The two men, he said, spoke for no more than 30 minutes, or about the time it took him to drink a beer. 

"We chatted on topics ranging from oil and commodity prices to how much his country wished for resumption of normal trade relations with the USA," Prince told lawmakers. "I remember telling him that if Franklin Roosevelt could work with Josef Stalin to defeat Nazi fascism, then certainly Donald Trump could work with Vladimir Putin to defeat Islamic fascism." 

Prince said he went to the Seychelles as a private businessman, not as an official or unofficial emissary of the Trump transition team. During the congressional interview, which became testy at times as Democratic lawmakers pressed him to be more specific in his answers, Prince repeatedly complained that he had reason to believe U.S. intelligence agencies were leaking information about his activities. 

Asked to comment on assertions that new evidence appears to contradict Prince's description of the Seychelles meeting, a spokesman for Prince referred to his previous statements to the committee and declined further comment. 

A spokesman for the special counsel declined to comment. 

Prince has known Nader for years and once hired him to try to generate business from the Iraqi government in the years after the U.S. invasion of that country. That effort was not successful, according to Prince's statements in a subsequent deposition. 

Nader, according to current and former officials, was known to Trump transition and administration officials as someone with political connections in the Middle East who could help navigate the tricky diplomacy of the region. 

Nader had also attended a December 2016 meeting in New York between senior Trump advisers and the crown prince of Abu Dhabi, Sheikh Mohamed bin Zayed al-Nahyan, according to a person familiar with the matter. 

While Mueller is probing the circumstances of the Seychelles meeting, he is also more broadly examining apparent efforts by the Trump transition team to create a back channel for secret talks between the new administration and the Kremlin. Mueller was appointed special counsel to investigate possible Russian interference in the 2016 election, whether any Americans assisted in such efforts, and any other matters that arise in the course of his probe. 

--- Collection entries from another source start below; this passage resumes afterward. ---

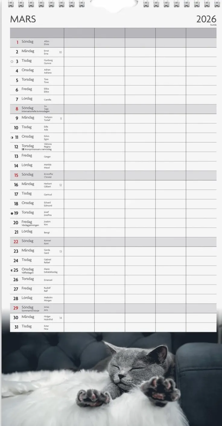 En väggkalender med fem kolumner för familjeplanering. Månadsuppslag med kattmotiv.>Familjekalender 2026 från Burde. Format: 220×430 mm. Layout: Månad/blad. Kalendarium: 2026-01-01 – 2026-12-31. Spiralbunden. Detaljer: Pappersficka. Innehåll: Flaggdagar, helgdagar/aftnar, månfaser, namnsdagar, temadagar/händelser,. Antal sidor: 12. Miljöinformation: FSC®.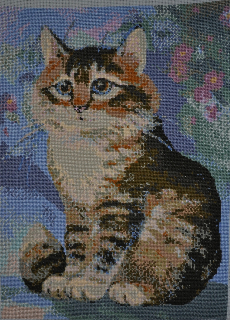 Наконец-то свершилось, мой котик завершён. Во время работы я называла его Гусаром, он мне очень напомнил Никиного красавца. Кота вышивала шерстяными нитками, фон - мулине.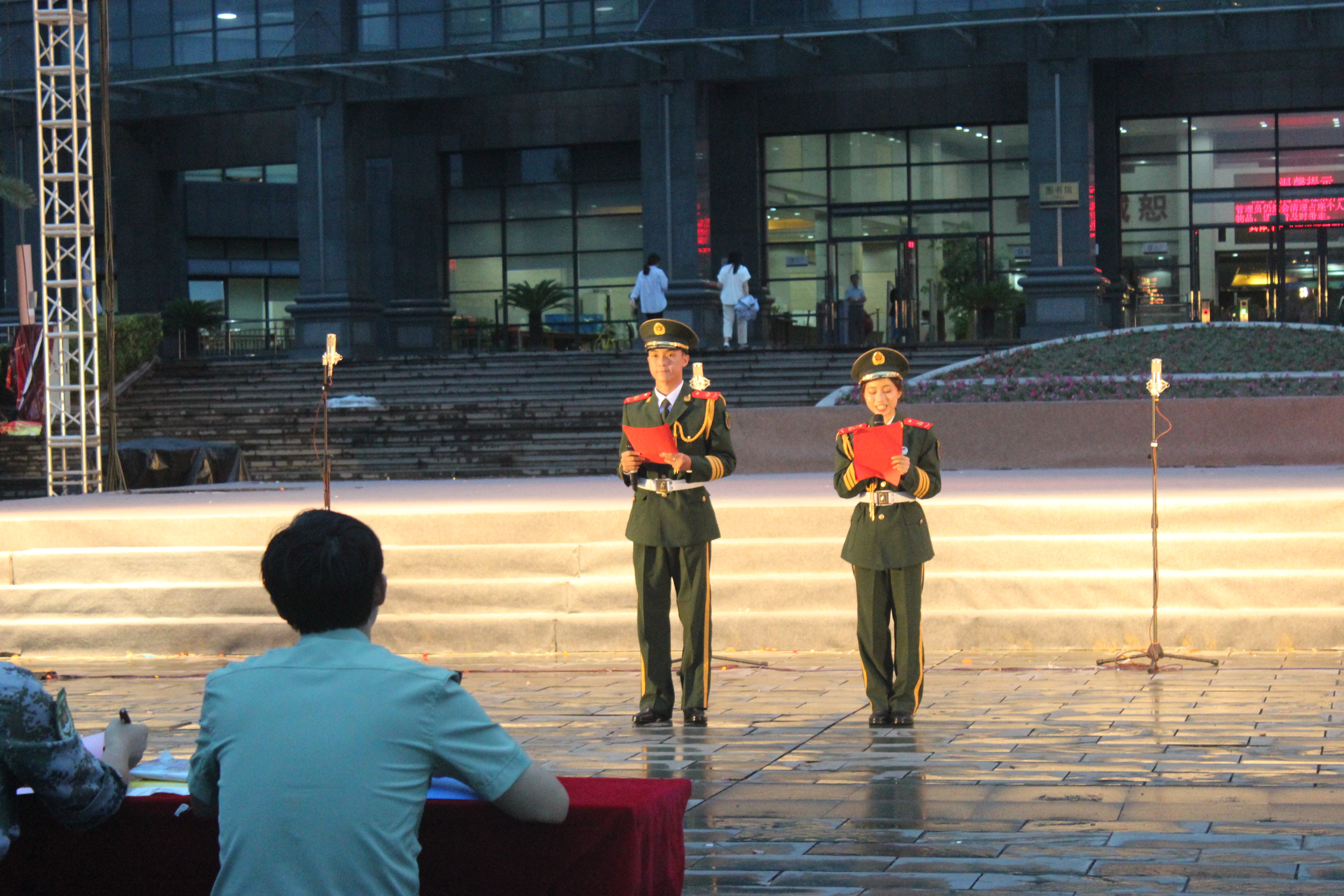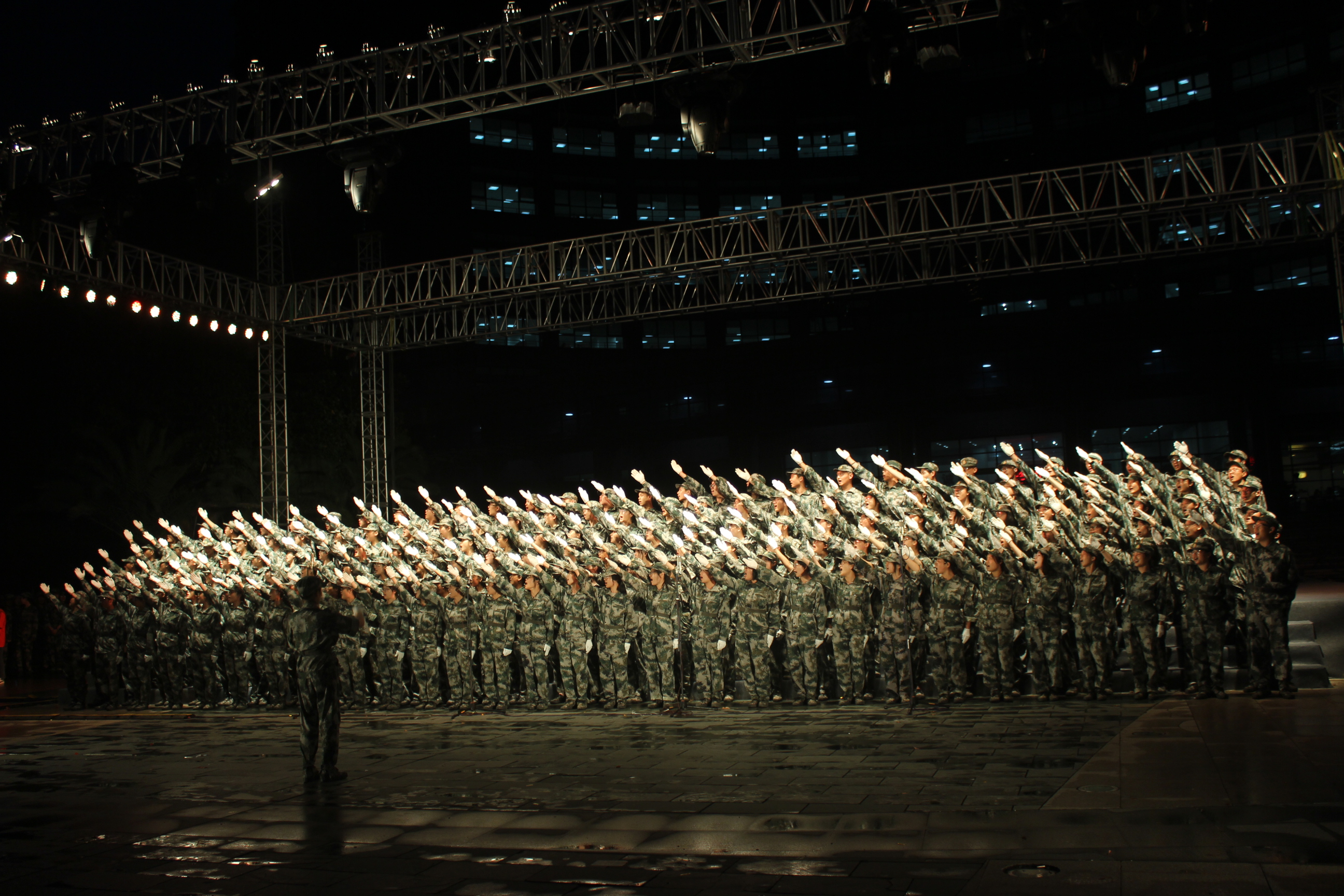 青春飞扬,军歌嘹亮。为弘扬爱国主义精神,增进同学情感,2018年9月11日晚,伴着夜幕星辰,礼乐响起,图书馆前人头攒动。作为军训活动之一,做爱自拍 (下沙校区)2018级同学们在图书馆前举行了合唱比赛。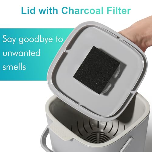 【KITCHEN COMPOST MAKE EASY】From food scraps to soil, this counter top compost bin for kitchen makes recycling food waste easier and more convenient. Perfect for indoor kitchen daily use, the food waste bin has handles for simple transport from indoor to outside composting.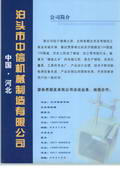 本公司技术力量雄厚,设备一流,工艺先进合理,管理规范,完全能满足不同用户的要求,我们公司的经营理念是:品质重于泰山、工作求实、产品求精。我们的宗旨是:以技术实力赢得市场,以诚实守信赢得用户。泊头市中信机械制造有限责任公司总经理樊文涛欢迎各位领导、各届朋友光临指导,洽谈合作。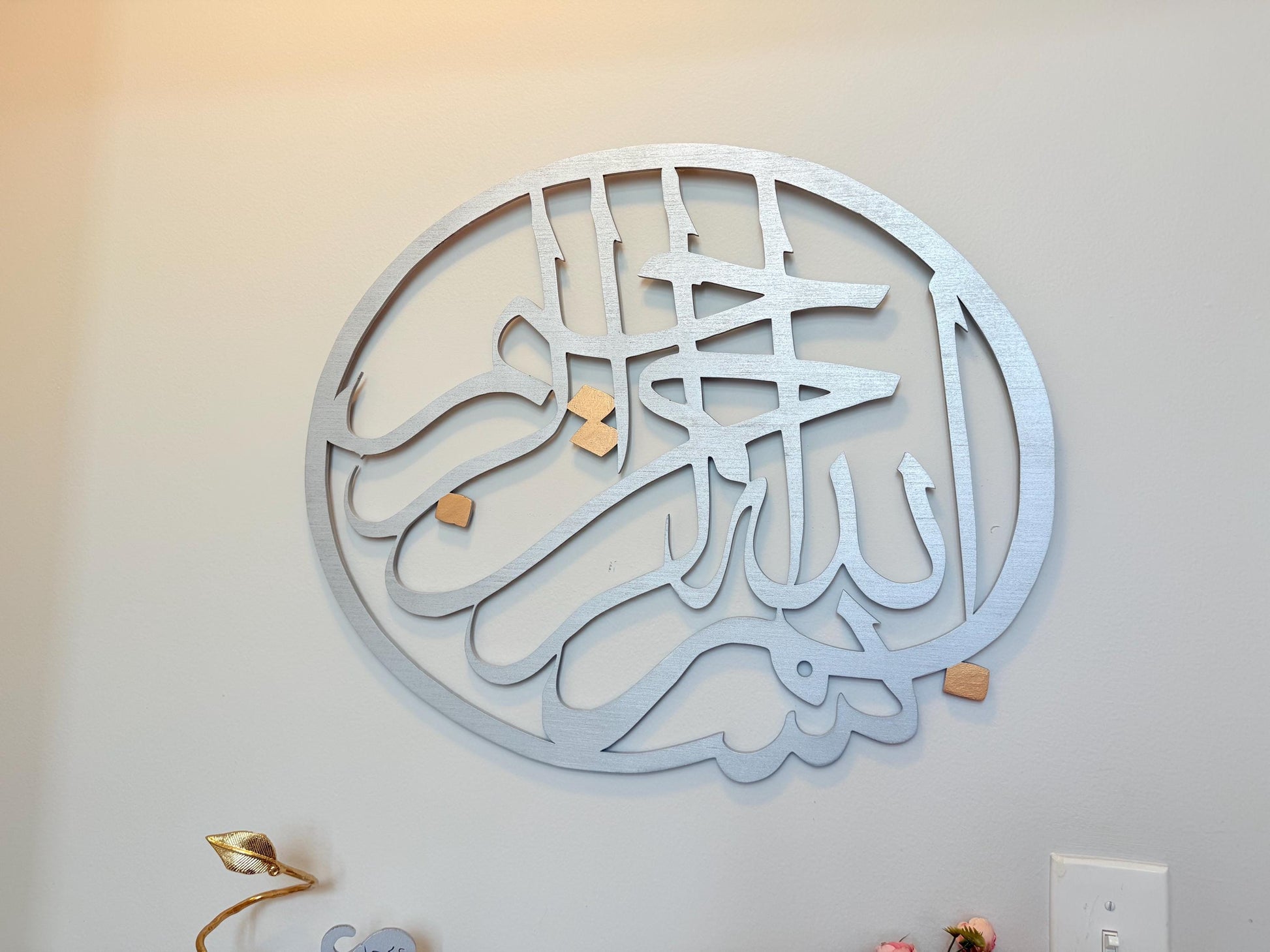 This special piece is 25x22 inches with a thickness of 0.25 inch wood This piece says بسم الله الرحمن الرحيم

Investigators now suspect that the Seychelles meeting may have been one of the first efforts to establish such a line of communications between the two governments, these people said. Nader's account is considered key evidence — but not the only evidence — about what transpired in the Seychelles, according to people familiar with the matter. 

Nader has long served as an adviser to the UAE leadership, and in that role he met more than once with Trump officials, including Steve Bannon and the president's son-in-law, Jared Kushner, according to people familiar with the matter. After the Seychelles meeting, Nader visited the White House several times, and met at least once there with Bannon and Kushner, these people said. 

Nader could not be reached for comment, and his lawyer declined to comment. 

Nader — and the Seychelles meeting — are also of interest to Mueller's team as it examines whether any foreign money or assistance fueled the Trump campaign, and how Trump officials during the transition and early days of the administration communicated with foreign officials, particularly Russians. 

Nader's cooperation with the special counsel was first reported by the New York Times. 

The UAE agreed to broker the meeting in part to explore whether Russia could be persuaded to curtail its relationship with Iran, including in Syria, a Trump administration objective, according to U.S. European and Arab officials. Such a concession by Moscow would have been likely to require the easing of U.S. sanctions on Russia, which were imposed for Russia's intervention in Ukraine in 2014, those officials said. 

Prince had no formal role with the Trump campaign or transition. However, according to people familiar with the Seychelles meeting, he presented himself as an unofficial envoy for Trump to high-ranking Emiratis involved in setting up his discussion with the Russian official.